Recently, we learned about a project which shows how the principles of Knowledge Sharing can be applied to the scientific domain, specifically to genomics data. DNAdigest is a Not-for-Profit Organisation founded and located in Cambridge, UK, by a group of individuals from diverse backgrounds who all want to see genomics used to its full potential to aid medical research. The objective of DNAdigest is to provide a simple, secure and effective mechanism for sharing genomics data for research without compromising the data privacy of the individual contributors.
From the beginning, this concept sounded very appealing to us. That’s why we contacted Fiona Nielsen, founder of this great initiative, to talk about the goals of the project, its approach on making use of such sensitive data and the current status of data sharing within the scientific community.
DNAdigest is still in the development process but already shows a promising future. Not only they have been selected for the Wayra UnLtd accelerator programme for social entrepreneurs, they are also working hard on building a community around the idea, organising events like hack days and workshops. Since, no one can describe the project better than its creator, we invite you to discover more about it through the following sequence of questions and answers.
1) Fiona, could you first introduce yourself and DNAdigest?
I am a bioinformatics scientist turned entrepreneur. I used to work in a biotech company where I was developing tools for interpretation of next-generation sequencing data and I took part in a number of projects where I was doing the data analysis of cancer sequencing samples. During my work, I realised how difficult it is to find and get access to genomics data for research.
DNAdigest was founded as an entity to provide a novel mechanism for sharing of data, aligning the interests of patients and researchers through a data broker mechanism, enabling easy access to anonymised aggregated data.
2) Why it is important to share genomics data? Quoting your website, the current state of sharing this information is embarrassingly limited. How does DNAdigest address this problem?

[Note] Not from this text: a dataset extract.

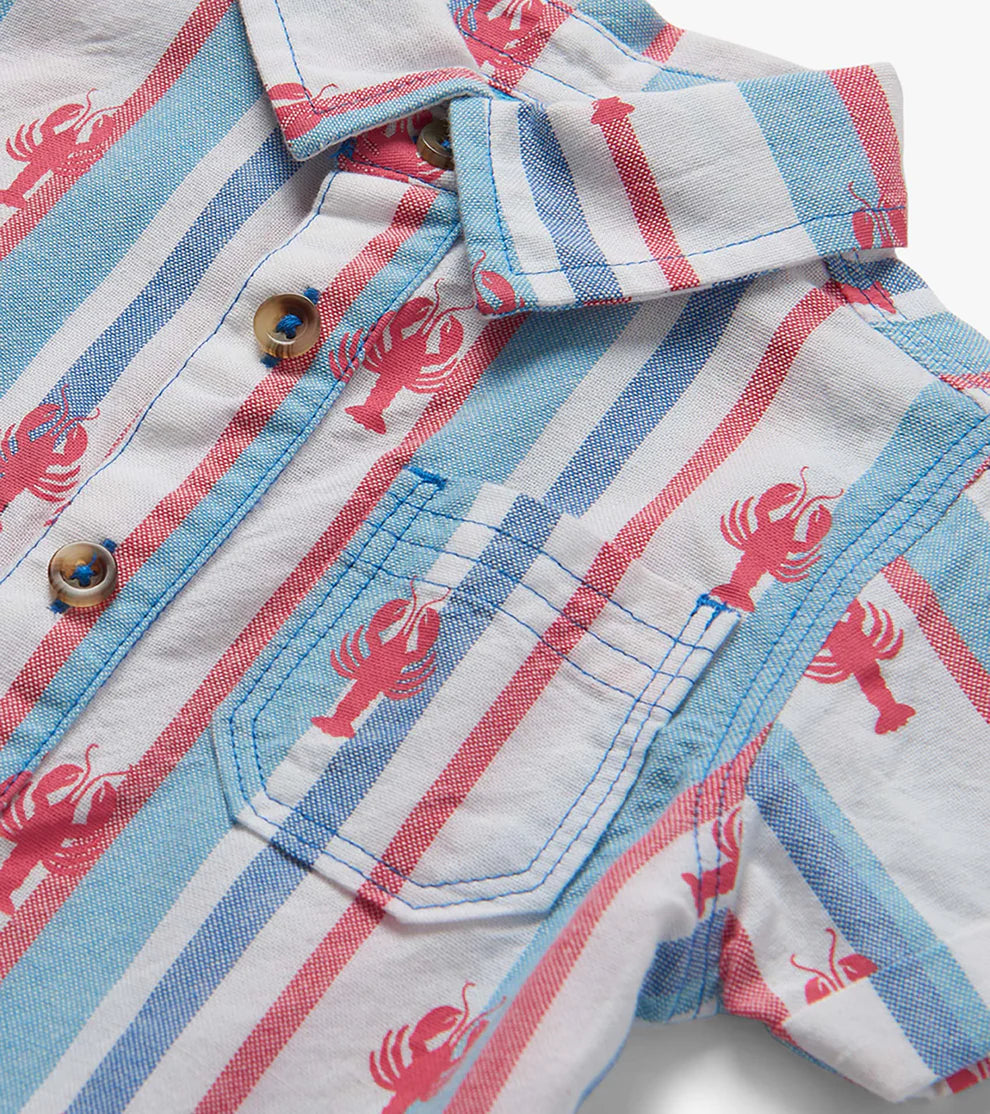 This charming romper features an all-over salmon pink lobster print set against a crisp white background, accented by vertical stripes in salmon pink and shades of blue for a classic coastal look. Designed with short sleeves for warm-weather comfort, it showcases a timeless dress shirt–style collar and contrast buttons along the chest up to the neckline for a polished, preppy finish. A front left chest pocket adds a touch of casual charm and functionality. Crafted from soft cotton, this romper keeps little ones comfortable during beach days, summer outings, and everything in between.

The human genome is very complex. Made up of 3 billion base pairs and varying from individual from individual, it is equivalent to looking for a needle in a haystack when you as a researcher attempt to nail down the genetic variation that is causing a genetic disease. The only way to narrow your search is by filtering out genetic variation that has been seen before in healthy individuals and annotate the variation that is left by what disease(s) the variation occurs in. This type of comparative analysis requires looking at variants from as many samples as possible. Ideally you will need to compare to tens of thousands of samples to make your comparison approach statistical significance. Accessing thousands of samples today is not only difficult in terms of permissions, but also in terms of mere storage and network capacity it is not practical to download huge datasets for every team that wants to do a comparison. DNAdigest is developing a data broker which will allow the researcher to submit queries for specific variants and only the aggregated information about the selected variants is returned as a result. For example, examining a specific mutation in cancer, the query could be “what is the frequency of this mutation in cancer samples?” and the result would be returned as a frequency, e.g. 3%. The aim of DNAdigest is to reduce the time to discover, access and retrieve the data relevant to genomic comparison.
3) It seems that your idea looks quite revolutionary and actually very needed. How was the reaction of the scientific community towards your initiative so far? Are the principles behind sharing and opening data something new for scientists?
Similar approaches have been suggested and a handful of approaches have been prototyped within the academic community before. However, all of the projects for sharing data in an academic setting have ultimately faced the same problems: They do not have the resources to scale up their solution to work for the entire community, and even if they should have the ambition to scale up the solution, they would find that it is extremely difficult to find funding for infrastructure projects from traditional research funding. In general, there is a positive attitude towards data sharing in research. However, the immediate concerns of researchers revolves around writing papers and not so much towards building common infrastructure.
Based on this knowledge of the community, I realised that a separate entity is needed to take initiative for developing a solution, drawing on the knowledge generated in academia, and building an organisation that can do independent fundraising and collaborate across institutions. We have registered DNAdigest as a charity so that we can function as an independent and trusted third party to provide the community with a feasible solution.
4) What do researchers have to do in order to access genomics data on DNAdigest.org? Can individuals share their genomics information directly on the platform?
We are still designing and developing the platform, so I can not yet give you the exact user guide. Our objective is not to store entire datasets, but to connect to existing data repositories and data management systems with a common API that allows queries into the metadata to select samples, and for the samples for which patient consent is available, to query into the genetic data to provide aggregated statistics collected across datasets.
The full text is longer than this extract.